Studies reveal that in 6 out of 10 households, housewives experience low self-esteem due to being overlooked and disrespected. Their contributions are often taken for granted, as they do not directly participate in income generation. This systemic undervaluation not only affects their mental well-being but also hinders their ability to explore opportunities for personal and professional growth.

Level of hygiene has drastically improved. Rapid urbanization changed people's perspective.

==Education==
The oldest educational institution of Tikiapara is Howrah Muslim High School which is serving the basic requirements of primary, secondary and higher secondary education. The medium of instruction is basically Urdu. However, English and Bengali are also used as second and third language.
St Joseph day school, Holy child and Sacred heart are the English medium schools.

Upper Middle Families tend to send their kids to St. Thomas church or Maria's Day School.

Now the educational system is being refined with lot of young children attending schools. The newly opened Narayana School provides high class primary and secondary and Higher Education in science stream as well.

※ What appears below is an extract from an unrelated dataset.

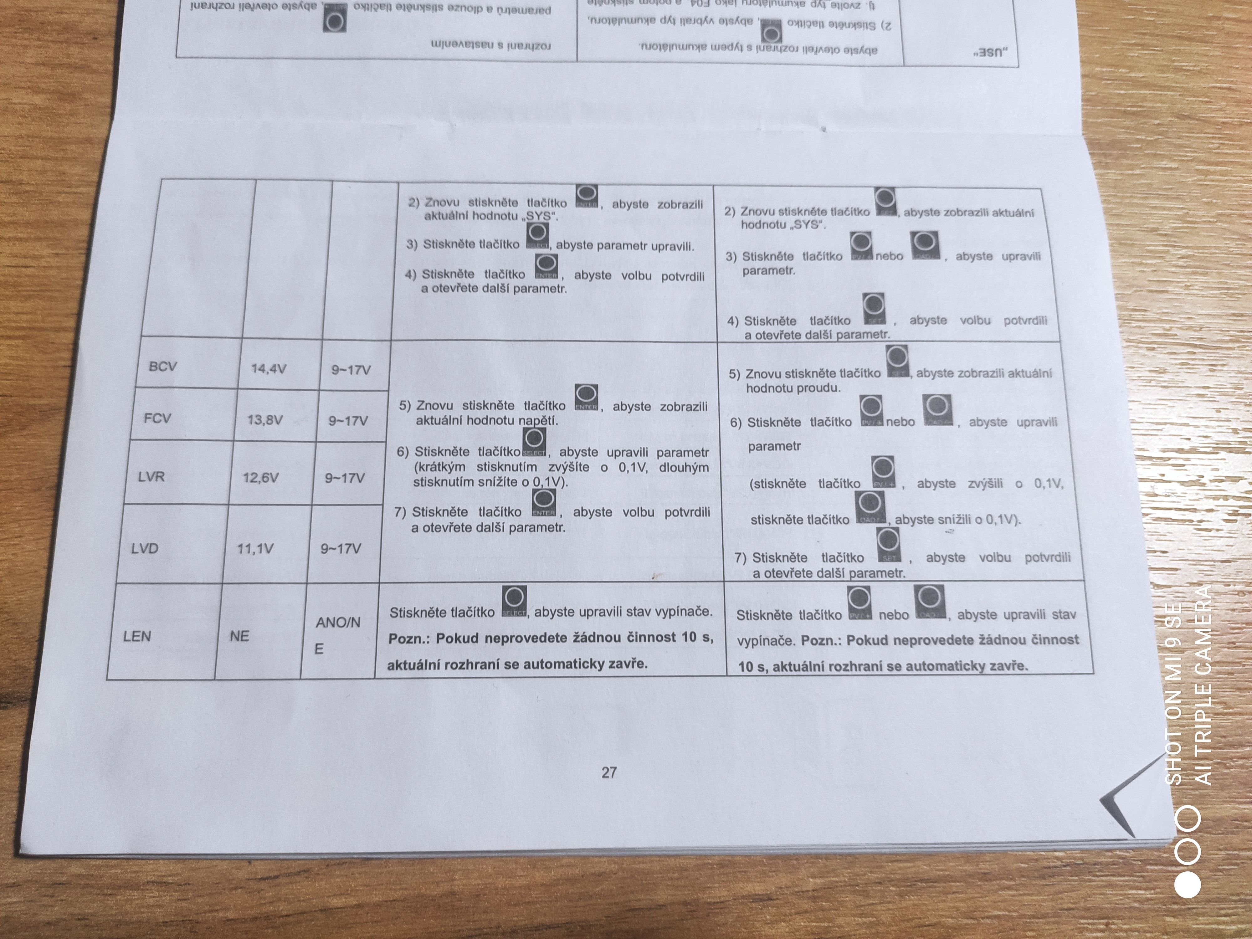 Měl bych dotaz k nastavení MPPT XTRA4415N-XDS2 pomoci panelu. Asi možná stupidní dotaz, ale nějak nejsem schopen uložit změnu nastavení napětí baterie BCV/FCV/LVR/LVD v modu baterie USE. Ostatní nastavení se mi normálně po změně uloží.

Other educational institutions of Tikiapara include Sir Syed Ahmed High School, Tikiapara Muslim Girls High School and some other primary schools. The future of English-based education is being nourished under the tender roofs of Samaritan Mission School and Rebecca Belilious Institution, initiated by notable social worker Mamoon Sir. The institution has been granted the status of a High School and efforts are on to concretize this idea of establishing a school having all three streams- arts, commerce and science.